Retirement Savings: How Much Is
Enough?
Wondering how to get yourself on the road to financial health? A simple
phone call about your retirement plan is probably the best route you
could take. Most of my clients are comfortable with my services and you
may be one of them.
The planning process
Like most advisors, I will start by asking for the details of your
current financial situation, including your savings, investment
patterns, liabilities (such as loans, credit card debt, or a mortgage),
and future obligations such as education costs for your children. I will
use a software package that helps analyze this information to give a
picture of your financial health. The next step is to examine what kind
of retirement you see for yourself. The analysis will uncover
inefficiencies in your investments, and help build a better portfolio
that will carry you through your retirement years.
How much will you need?
Retirement planners used to assume that you would need about 75 per cent
of your current income after retirement. The thinking was that you could
eliminate your work-related expenses (such as commuting and work
clothes) once you retired.

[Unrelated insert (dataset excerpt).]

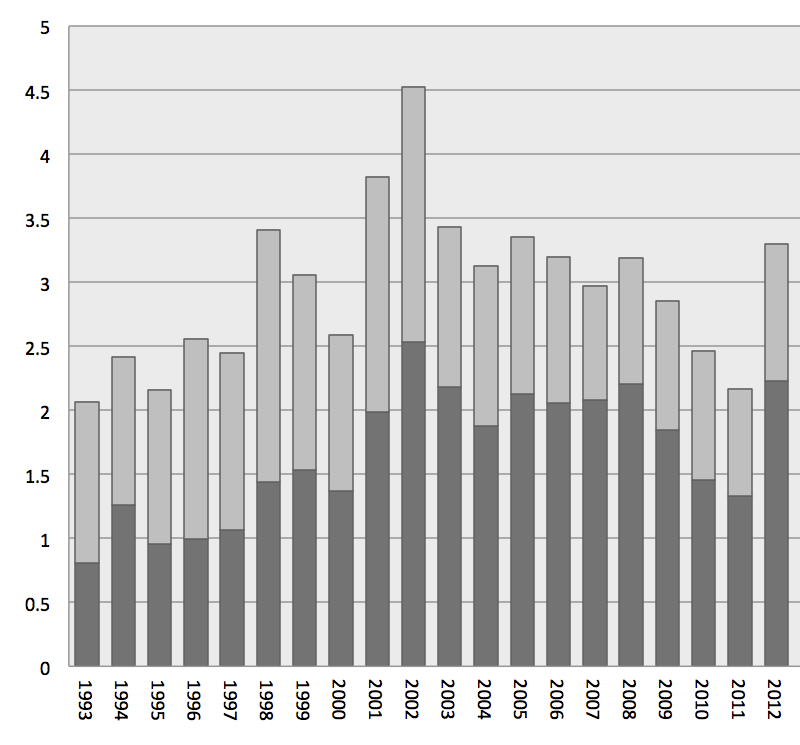 Figure 1 Incidence of MSSA bloodstream infection per 10 000 patient-days from 1993 to 2013.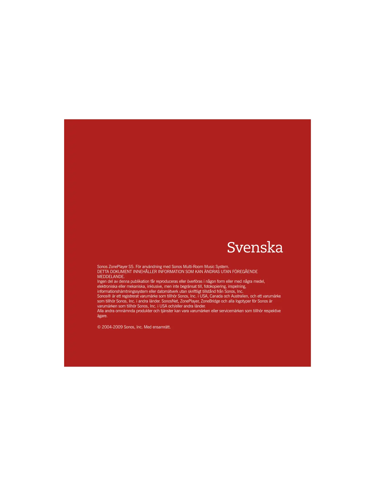 gevulde voorwerpen, zoals vazen, op het apparaat. Svenska Sonos ZonePlayer S5. För användning med Sonos Multi-Room Music System. DETTA DOKUMENT INNEHÅLLER INFORMATION SOM KAN ÄNDRAS UTAN FÖREGÅENDE MEDDELANDE. Ingen del av denna publikation får reproduceras eller överföras i någon form eller med några medel, elektroniska eller mekaniska, inklusive, men inte begränsat till, fotokopiering, inspelning, informationshämtningssystem eller datornätverk utan skriftligt tillstånd från Sonos, Inc. Sonos® är ett registrerat varumärke som tillhör Sonos, Inc. i USA, Canada och Australien, och ett varumärke som tillhör Sonos, Inc. i andra länder. SonosNet, ZonePlayer, ZoneBridge och alla logotyper för Sonos är varumärken som tillhör Sonos, Inc. i USA och/eller andra länder. Alla andra omnämnda produkter och tjänster kan vara varumärken eller servicemärken som tillhör respektive ägare. © 2004-2009 Sonos, Inc. Med ensamrätt. SVENSKA NEDERLANDS DEUTSCH SVENSKA

But fewer Canadians are opting for a quiet
retirement at home. Many purchase a second home in a warmer climate, or
choose this time to travel. Your initial needs can be as high as, or
even higher than, your current income. Later in life, in your 70s and
80s, you may prefer to stay home. You may then be able to live on a more
modest income, if you do not need the money for health care. However,
the key question is what retirement means to you. You have to find the
answer by yourself.
How long will you live? How long
will you work?
Our increasing lifespan is another big variable in retirement planning.
The average Canadian man can expect to live to age 76. Canadian women
live an average of 81 years. And many people live even longer. Most
advisors will insist you plan until at least age 90. Another crucial
question is how long you will continue to work. Will you have a choice
of retirement age, or will your employer offer you a pension while you
are still in your early 60s? Many people hope to retire early or spend
the last few working years consulting and easing into retirement. Can
you save enough money to support yourself for 30 years after retirement?
Saving is only part of the equation ¨C you also have to let your money
grow in investments that beat inflation. Inflation can erode the
spending power of your retirement income, both while you are saving and
once you have retired. I will factor in the effects of inflation on both
your retirement income and your investment portfolio.
Where will the money come from?
Most Canadians have several sources of income after retirement. You will
likely draw Canada Pension Plan or Quebec Pension Plan benefits.
Lower-income Canadians will receive Old Age Security payments (and
perhaps other supplements). You may have a pension or a deferred profit
sharing plan from an employer. And you should have savings, both inside
Registered Retirement Savings Plans and in non-registered investments.
You must collapse your RRSPs in the year you turn 69. You can transfer
the RRSP money to a Registered Retirement Income Fund (you must withdraw
money from a RRIF annually) or use it to purchase a retirement income
annuity. Consider where your partner will be in the years after your
retirement. Will he or she still have some years to go on earning and
saving? Have you considered balancing your incomes after retirement? The
more equal your incomes are, the less tax you may have to pay.
Spending and saving
The most difficult part of retirement planning is to look at how you
save and spend your money now. Consider your current cash flow. "Fixed"
expenses can include costs such as mortgage, utility, rent and loan
payments, food, child care, and regular contributions to charity or to
RRSPs. Anything left of your earned income is what you are spending. A
thorough retirement planner will analyze these spending patterns and try
to find ways to use your money more effectively. Perhaps you have credit
card debt that would be better handled through a line of credit. Perhaps
your loans or liabilities can be handled in a way that makes them
tax-deductible. Any money you can free up gives you extra opportunities
for saving. Your advisor can help you set up a regular savings plan that
puts the money into a retirement portfolio before you can spend it.
Your retirement portfolio
I will make recommendations about the structure of your portfolio. These
suggestions will consider your tolerance for risk, but be aggressive
enough to give you the growth you need. The earlier you begin the
process, the longer your money can grow. Getting your RRSPs into shape
is essential. I may recommend saving in non-registered investments as
well. Ask your advisor, I would like to show you the long-term
performance of plan to help you understand the investment style and
choose something appropriate for yourself. Make a date on your calendar
to revisit this investment plan in three or six months. I would like to
review with you the retirement savings profile at least twice a year.